Some 150 million people watched that moment worldwide, we were informed on O J Simpson: Caught on Camera (More4, Wednesday), and everyone in the States held a stake in the outcome because the former American football legend was a household name. Unlike the Belgians. Hey guys, where is Bell Jam anyway? In Europe? Where’s that then?

It would be a bit like David Beckham being put on trial for murdering Posh Spice, though one suspects the boot would be on the other foot in that instance. But the big difference was that “The Juice” was black and the polarity of opinion between Afro-Americans and whites was astonishing, like the fiercest sporting rivalry but a whole lot darker, as befitted the nature of a double murder trial.

As the black community celebrated his acquittal, the white Anglo-Saxon Protestants recoiled in disbelief and protested just as loudly. The trial by then had long turned from courtroom drama to televised farce with the Los Angeles Police Department witness Mark Fuhrman being discredited and disgraced as a racist.
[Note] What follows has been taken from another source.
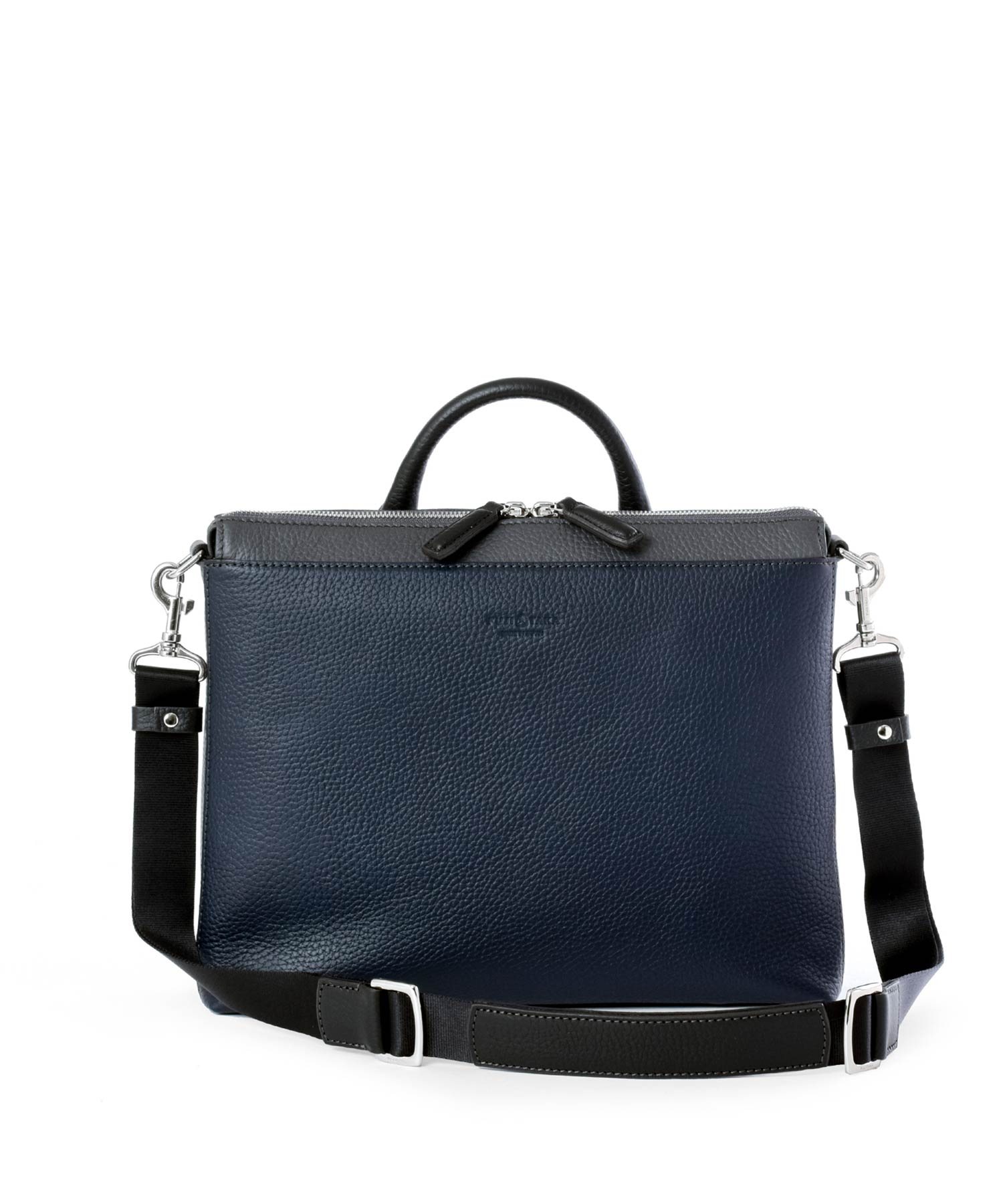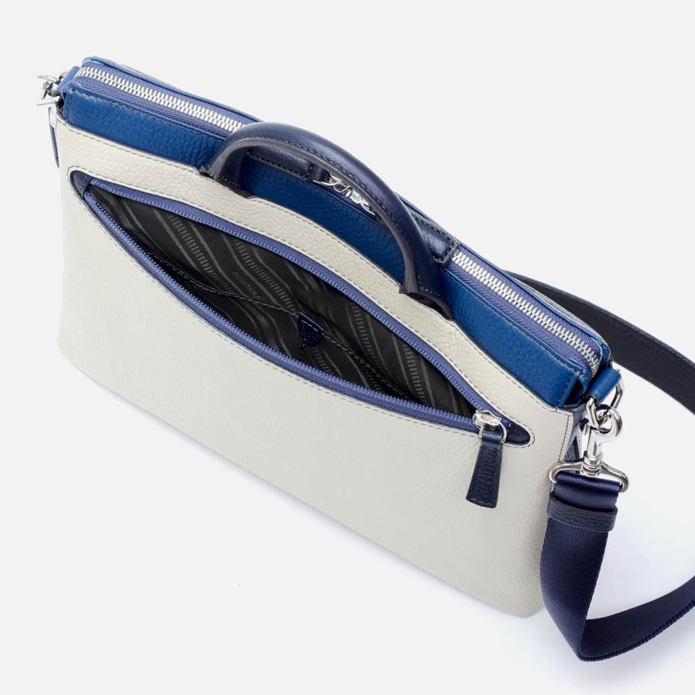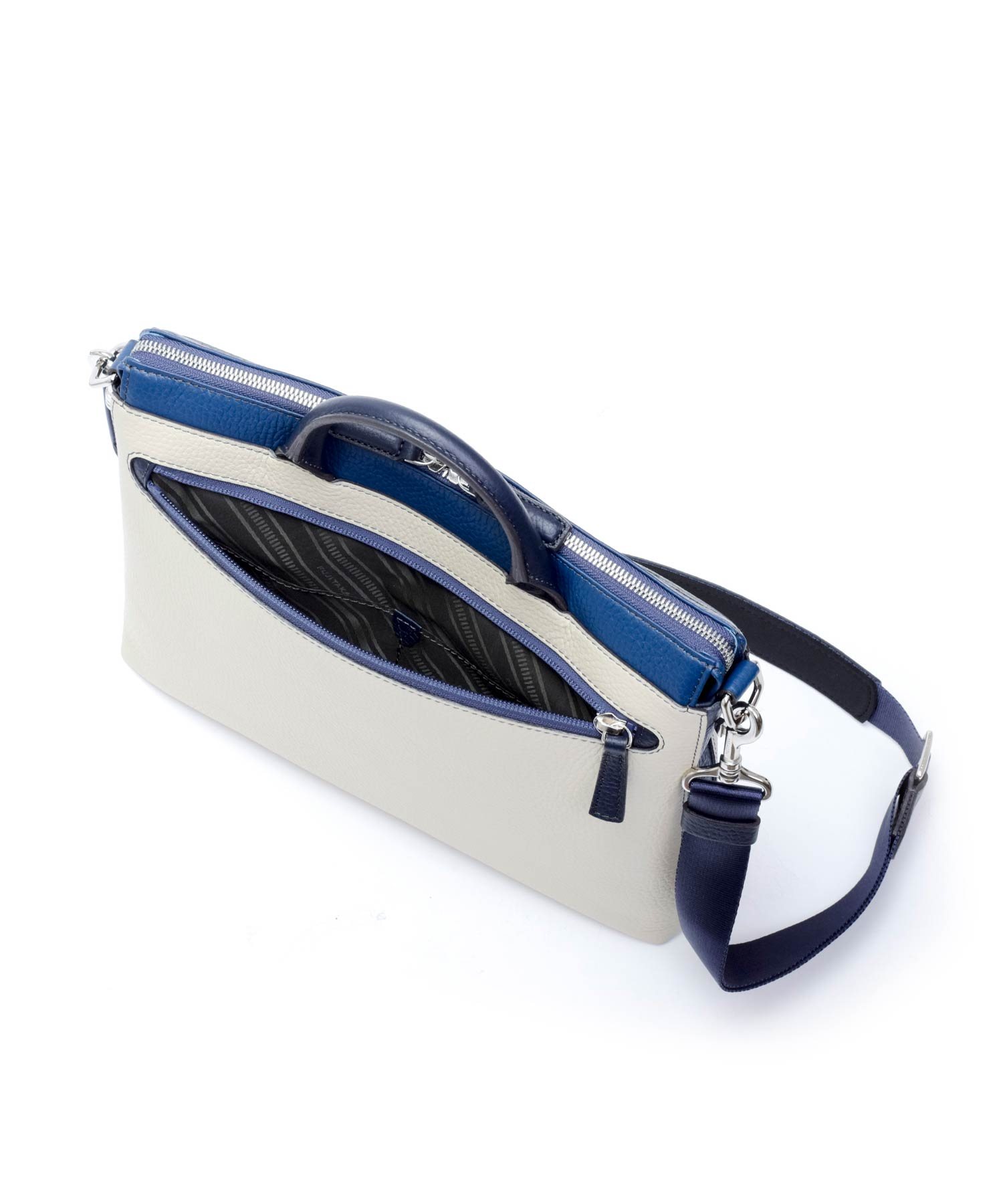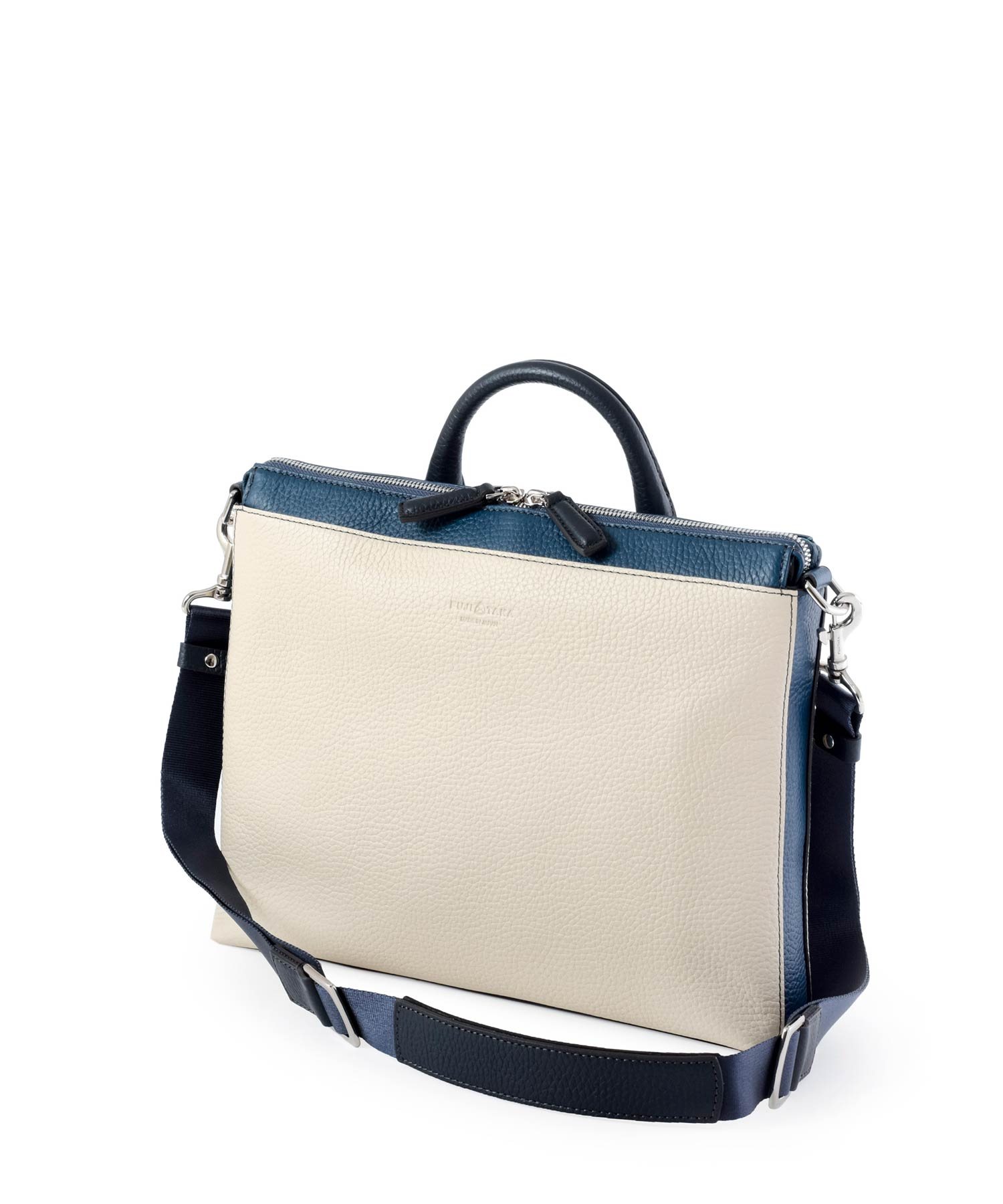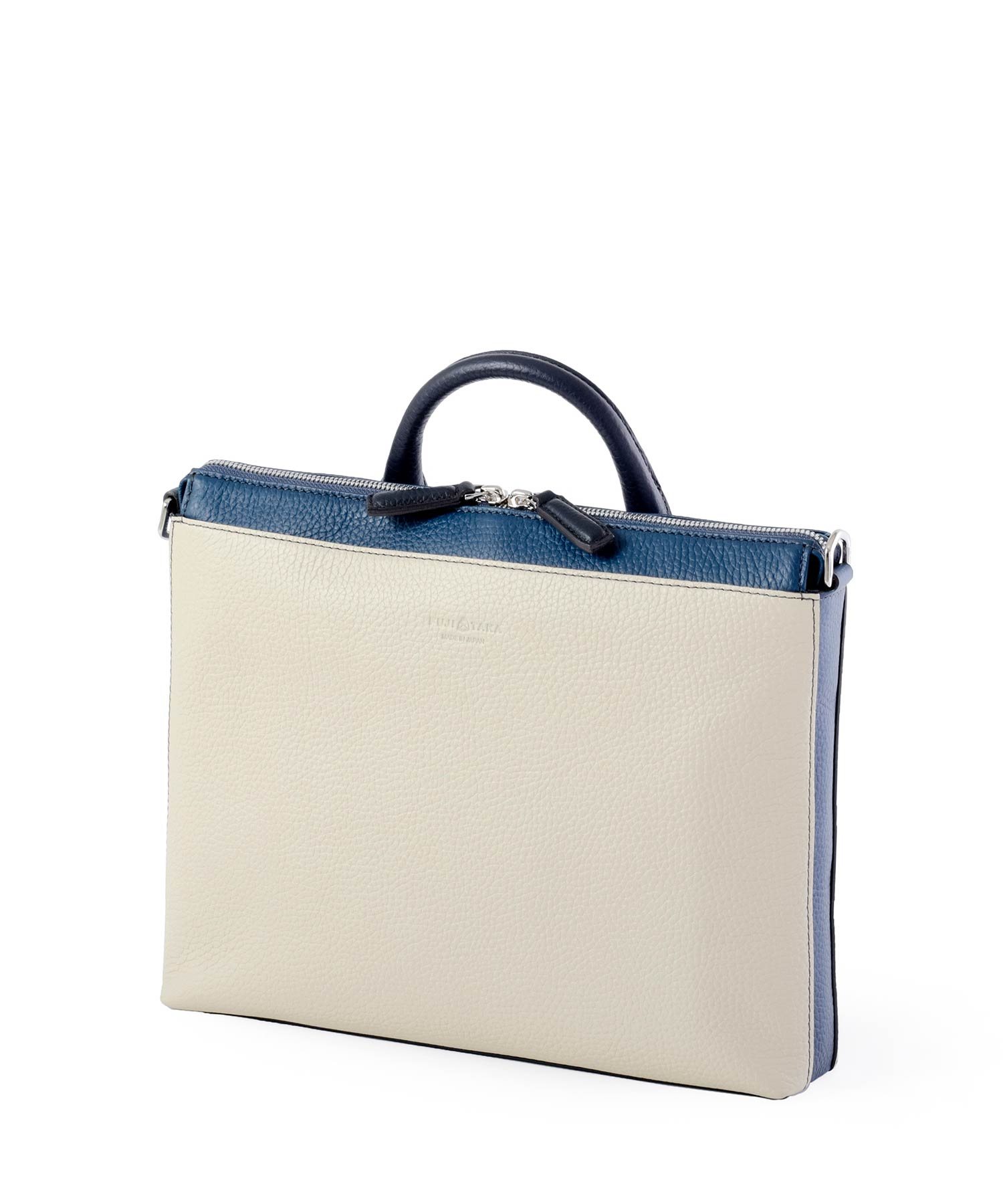 本体素材は柔らかな手触りが特徴の本革をカラーコンビで表現しています。職人の技術により、ボリュームのある立体的なシボ感を活かしながらも軽量に仕立て、ソフトでありながら自立するよう工夫した設計にしています。

The unhappy parallels with the Oscar Pistorius trial ongoing in South Africa are plain to see. In a country deeply divided along racial lines, the background to the murder trial is the white man’s fear of crime and feelings of literal insecurity as well as the figurative kind.

The victim, again, is a gorgeous blonde model. And the defendant, a role model who transcends his ethnicity, is portrayed as a man who could not control his feelings of rage. The differences, of course, are that Pistorius definitely killed his girlfriend, and almost everyone thinks he did it.
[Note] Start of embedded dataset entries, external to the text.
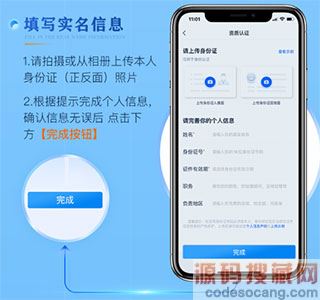 2、请拍摄或从相册上传本人身份证(正反面)照片,根据提示完成个人信息,确认信息无误后点击下方【完成按钮】。
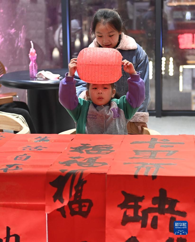2月4日,兩名小朋友在一處文化體驗館里玩耍。
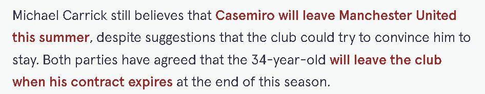 卡里克在赛后承认,卡塞米罗的状态使他成为当前球队不可或缺的一员。只是虽然有传言称曼联可能会试图挽留卡塞米罗,卡里克仍然认为巴西中场今夏会离开,他在合同期满后自由转会,已经通过俱乐部进行了官宣。
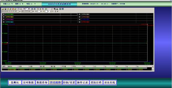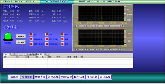 實時數(shù)據(jù)畫面:匯總用戶關(guān)心的所有數(shù)據(jù),重要數(shù)據(jù)以曲線形式實時顯示。在下面的表格中,可以顯示近一段時間內(nèi)的報警。可對當(dāng)前報警進(jìn)行確認(rèn)。
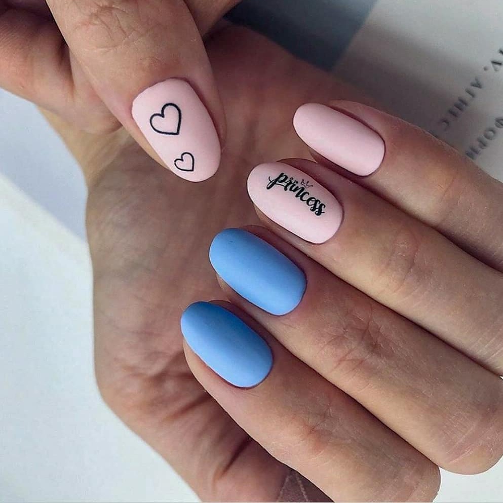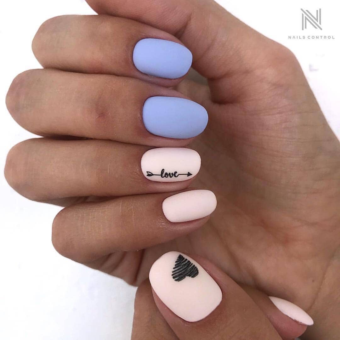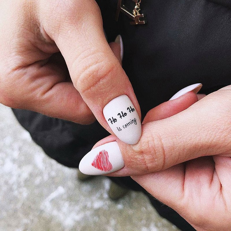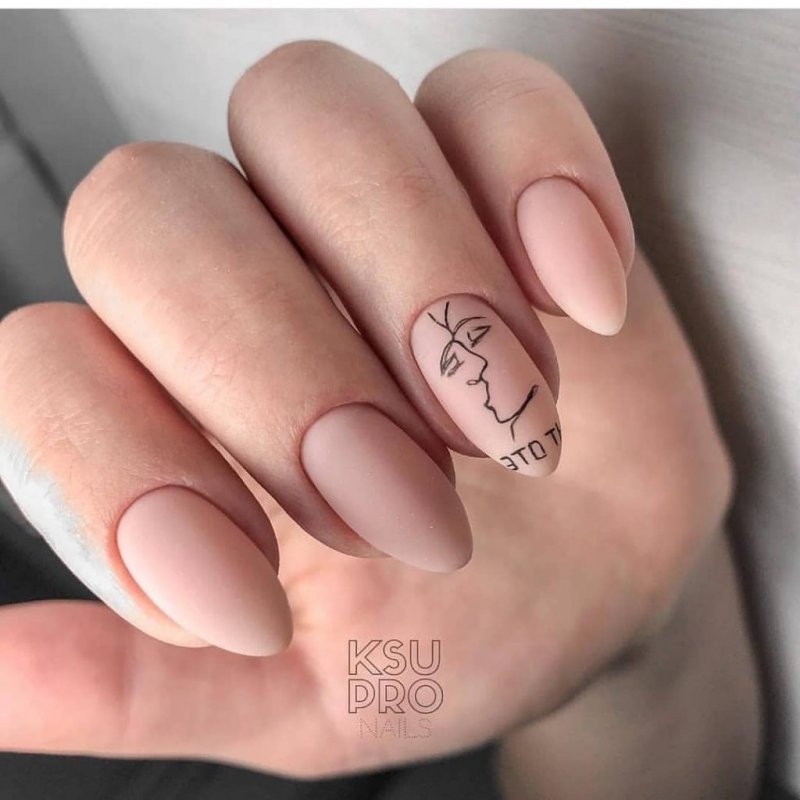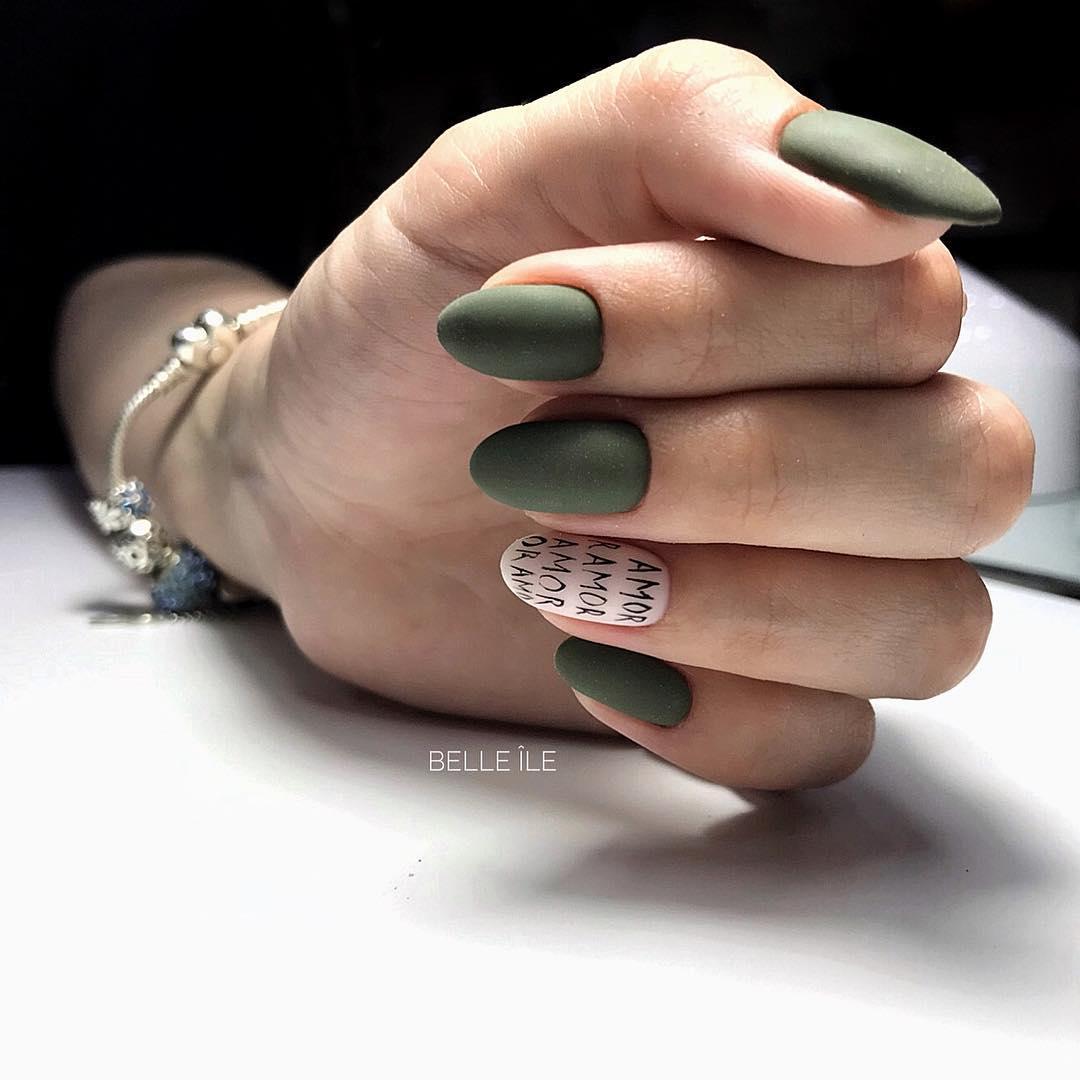 Матовый маникюр — несомненный тренд. На такой базе цифры, буквы и целые выражения будут выглядеть очень стильно и заметно. Глянцевое покрытие часто бликует и не дает передать общий смысл фразы.

Looking back at the incredible circus that surrounded the O J trial, it is extraordinary how the story unfolded with the slowest car chase in history being played out live on television. In typically understated fashion we hear an anchorman describe the scene as a “modern tragedy and drama of Shakespearean proportions” – but for once the hyperbole was almost acceptable: even the business of O J trying on the glove that was too small for him was curiously like a touch of the Bard, a MacBeth dagger.

“This is insane, I’ve never seen anything like it,” said a reporter in a helicopter as O J turned carefully into his own driveway, followed by an absurd convoy of cop cars. “That’s the dog! Has he got a dog, Jimmy?” Are we all going barking mad?

There was some great footage in the programme, including the prosecutor Marcia Clark confronting a cameraman outside her home on the day of the verdict that cannot possibly be repeated on a Sunday morning.

O J let the side down by being banged up for 33 years for robbery, kidnapping, coercion and conspiracy in 2008. After the programme, Channel 4 were trailing their next searing exposé, tomorrow’s tale of the downfall of another US sporting icon in Lance Armstrong, The Armstrong Lie.

At least the Yanks have probably heard of the Tour de France. Just don’t tell them it starts in Yorkshire this year, that would really confuse them.